My question is whether $N$ must lies on the symmetry axis.Is the length of $AN$ equal to the radius of curvature parellel to the latitude? If not, is there any condition we need to add in order to make sure that the point $N$ lies on the symmetry axis?

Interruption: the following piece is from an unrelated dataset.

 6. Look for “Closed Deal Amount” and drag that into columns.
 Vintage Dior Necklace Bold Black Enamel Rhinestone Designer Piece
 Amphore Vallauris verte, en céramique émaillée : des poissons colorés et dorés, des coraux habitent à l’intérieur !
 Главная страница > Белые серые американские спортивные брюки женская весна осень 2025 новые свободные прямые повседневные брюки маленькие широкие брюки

First, let's define a surface of revolution with $z$ as the symmetry axis: $$f(t,\varphi) = \left ( r(t) \cos \varphi, \; r(t) \sin \varphi, \; h(t) \right )$$ For simplicity of notation, let's use $$r = r(t), \quad \dot{r} = \frac{d r(t)}{d t}, \quad \ddot{r} = \frac{d^2 r(t)}{d t^2} \\ h = h(t), \quad \dot{h} = \frac{d h(t)}{d t}, \quad \ddot{h} = \frac{d^2 h(t)}{d t^2}$$ The surface normal unit vector is $$\vec{n}(t, \varphi) = \left ( \frac{-\dot{h}\cos\varphi}{\sqrt{{\dot{r}}^2 + {\dot{h}}^2}}, \; \frac{-\dot{h}\sin\varphi}{\sqrt{{\dot{r}}^2 + {\dot{h}}^2}}, \; \frac{\dot{r}}{\sqrt{{\dot{r}}^2 + {\dot{h}}^2}} \right )$$ If $h\ne0$, and we have a point $\vec{p}(t, \varphi) = \left ( r\cos\varphi, r\sin\varphi, h \right)$ on the surface, and the unit normal $\vec{n}(t, \varphi)$ at that point, their slopes on the $xy$ plane are the same. This means that a line extending the unit normal will always intersect the symmetry axis ($z$ axis), as long as $h\ne0$. (If $h = 0$, then the surface normal is parallel to the symmetry axis.)

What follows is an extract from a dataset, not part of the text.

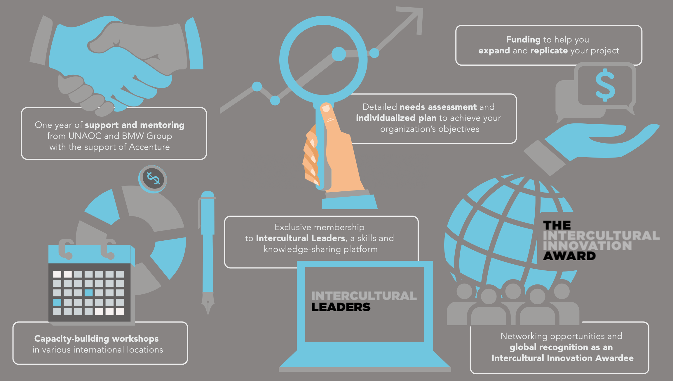 The Intercultural Innovation Award is bestowed upon ten organizations. Awardees will benefit from a comprehensive one-year capacity-building program aimed at strengthening their work. The support program will consist of funding, training and capacity-building, customized support and mentoring. Support will also be provided to successful projects so that they can be replicated in other contexts or settings where they might be relevant. The specific support received will depend on the individual needs of the projects.
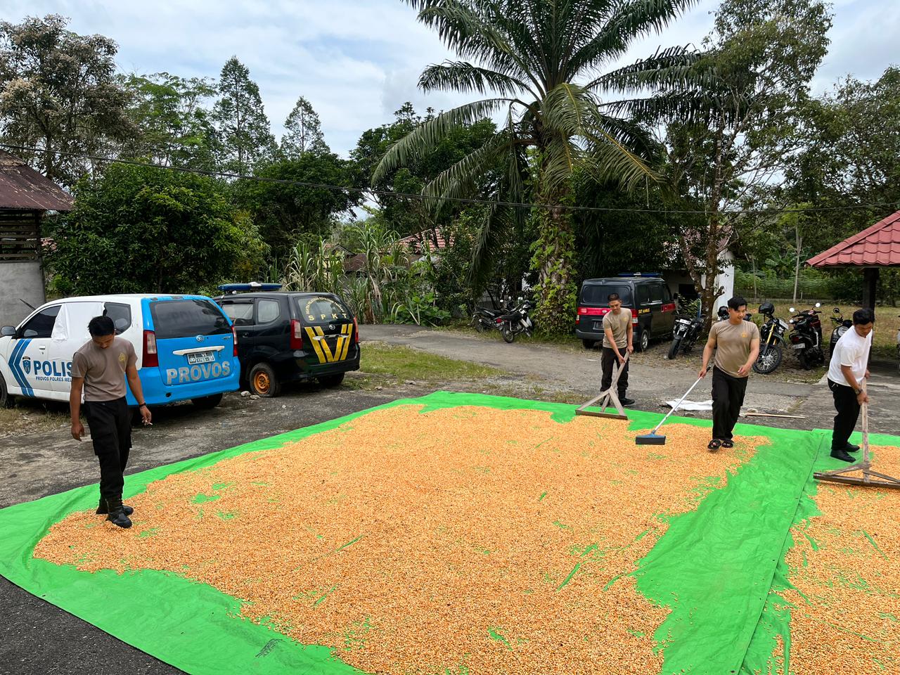 Dukung Ketahanan Pangan Personil Polres Melawi Lakukan Penjemuran Jagung Di Sela-sela Pekerjaan Kantor

The principal curvatures -- maximum and minimum curvature at a given point $(t,\varphi)$ -- are $$\begin{cases} \kappa_1 = \frac{\dot{r}\ddot{h} - \ddot{r}\dot{h}}{({\dot{r}}^2+{\dot{h}}^2)^{3/2}} \\ \kappa_2 = \frac{\dot{h}}{r \sqrt{ {\dot{r}}^2 + {\dot{h}}^2 }} \end{cases}$$ and the Gaussian curvature is $$K = \kappa_1 \kappa_2 = - \frac{\ddot{r}}{r}$$
These hold as long as $r(t)$ and $h(t)$ are twice differentiable.
Radius of curvature is defined as the inverse of curvature. In that sense, the principal radii of curvature are $$\begin{cases} R_1 = \frac{1}{\kappa_1} = \frac{({\dot{r}}^2+{\dot{h}}^2)^{3/2}}{\dot{r}\ddot{h} - \ddot{r}\dot{h}} \\ R_2 = \frac{1}{\kappa_2} = \frac{r \sqrt{ {\dot{r}}^2 + {\dot{h}}^2 }}{\dot{h}} \end{cases}$$ In three dimensions, the centers of their respective circles are always on the line extending the surface normal. (They do differ in their orientation, rotation of the respective circle around the surface normal.)

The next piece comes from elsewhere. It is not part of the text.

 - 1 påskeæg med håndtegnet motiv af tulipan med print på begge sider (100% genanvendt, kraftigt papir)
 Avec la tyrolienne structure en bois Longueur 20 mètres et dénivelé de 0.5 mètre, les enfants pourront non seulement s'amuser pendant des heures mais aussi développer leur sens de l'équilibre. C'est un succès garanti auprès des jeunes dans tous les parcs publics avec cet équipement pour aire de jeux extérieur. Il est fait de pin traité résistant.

Alternatively, we can think of the radii as the radii of two spheres, one defining the minimum curvature at that point on the surface, and the other the maximum curvature. The centers of the spheres are still on the line extending the surface normal.
If we look at the original illustration,
then, given that this is a surface of revolution, a line passing through $A$ and $M$, or through $A'$ and $M'$, will always pass through the symmetry axis.
In all honesty, I fail to see any relevance in the location of $M$, really. Since 3D surfaces have two principal curvatures at each point on the surface, using a single point to describe (a part of) it seems.. counterintuitive to me. It is much easier to use the surface normal and curvature parameters, in my opinion.